### Input for this task
+++

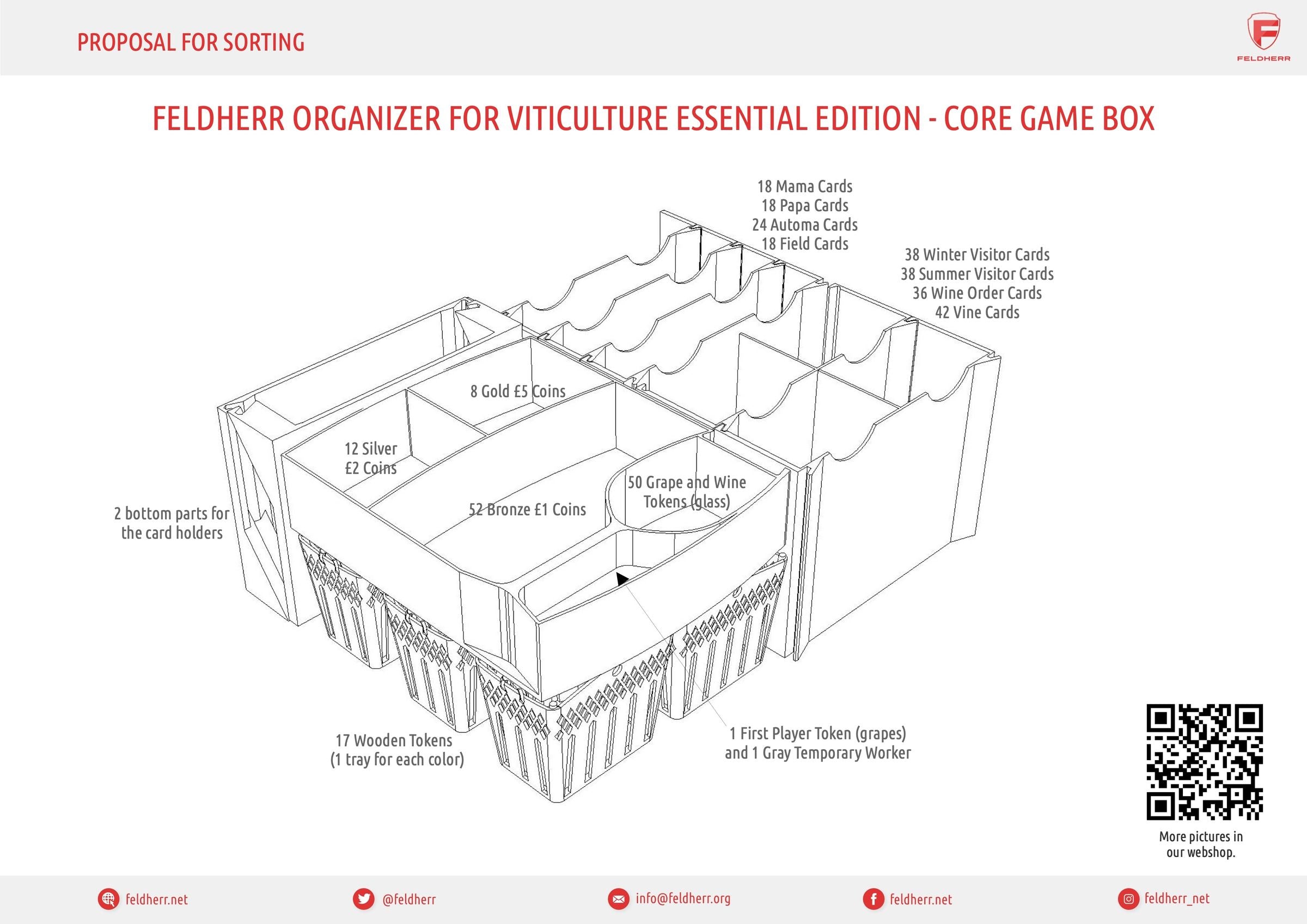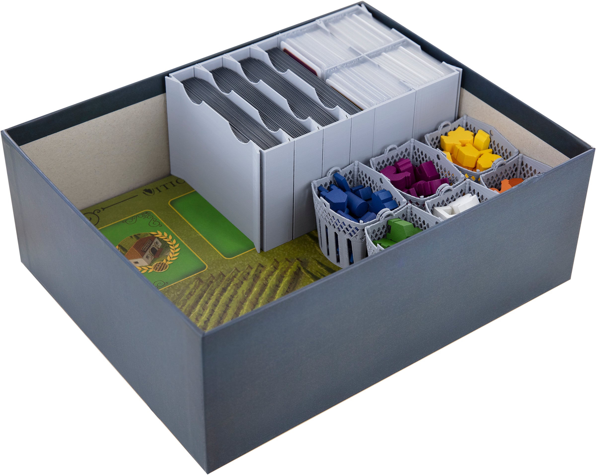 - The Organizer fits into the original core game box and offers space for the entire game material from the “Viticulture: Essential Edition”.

+++

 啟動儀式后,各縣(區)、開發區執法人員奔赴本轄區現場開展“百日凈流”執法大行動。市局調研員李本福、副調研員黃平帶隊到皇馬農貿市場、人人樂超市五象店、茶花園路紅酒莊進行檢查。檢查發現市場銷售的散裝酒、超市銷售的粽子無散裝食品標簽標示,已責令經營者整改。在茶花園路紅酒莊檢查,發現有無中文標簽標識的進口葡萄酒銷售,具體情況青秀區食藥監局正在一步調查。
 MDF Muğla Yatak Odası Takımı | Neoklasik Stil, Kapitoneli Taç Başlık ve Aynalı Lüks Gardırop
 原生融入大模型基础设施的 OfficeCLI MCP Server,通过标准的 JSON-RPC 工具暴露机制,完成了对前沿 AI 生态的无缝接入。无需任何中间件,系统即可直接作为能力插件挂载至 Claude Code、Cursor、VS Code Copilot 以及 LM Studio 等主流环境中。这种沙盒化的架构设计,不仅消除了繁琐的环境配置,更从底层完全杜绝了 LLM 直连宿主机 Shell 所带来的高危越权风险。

+++

### What is being asked
Go through the material above and output exactly the lines from the one containing "MDF Muğla Yatak" through the one containing "原生融入大模型基础设施的 OfficeCLI MCP".

### Task response
 MDF Muğla Yatak Odası Takımı | Neoklasik Stil, Kapitoneli Taç Başlık ve Aynalı Lüks Gardırop
 原生融入大模型基础设施的 OfficeCLI MCP Server,通过标准的 JSON-RPC 工具暴露机制,完成了对前沿 AI 生态的无缝接入。无需任何中间件,系统即可直接作为能力插件挂载至 Claude Code、Cursor、VS Code Copilot 以及 LM Studio 等主流环境中。这种沙盒化的架构设计,不仅消除了繁琐的环境配置,更从底层完全杜绝了 LLM 直连宿主机 Shell 所带来的高危越权风险。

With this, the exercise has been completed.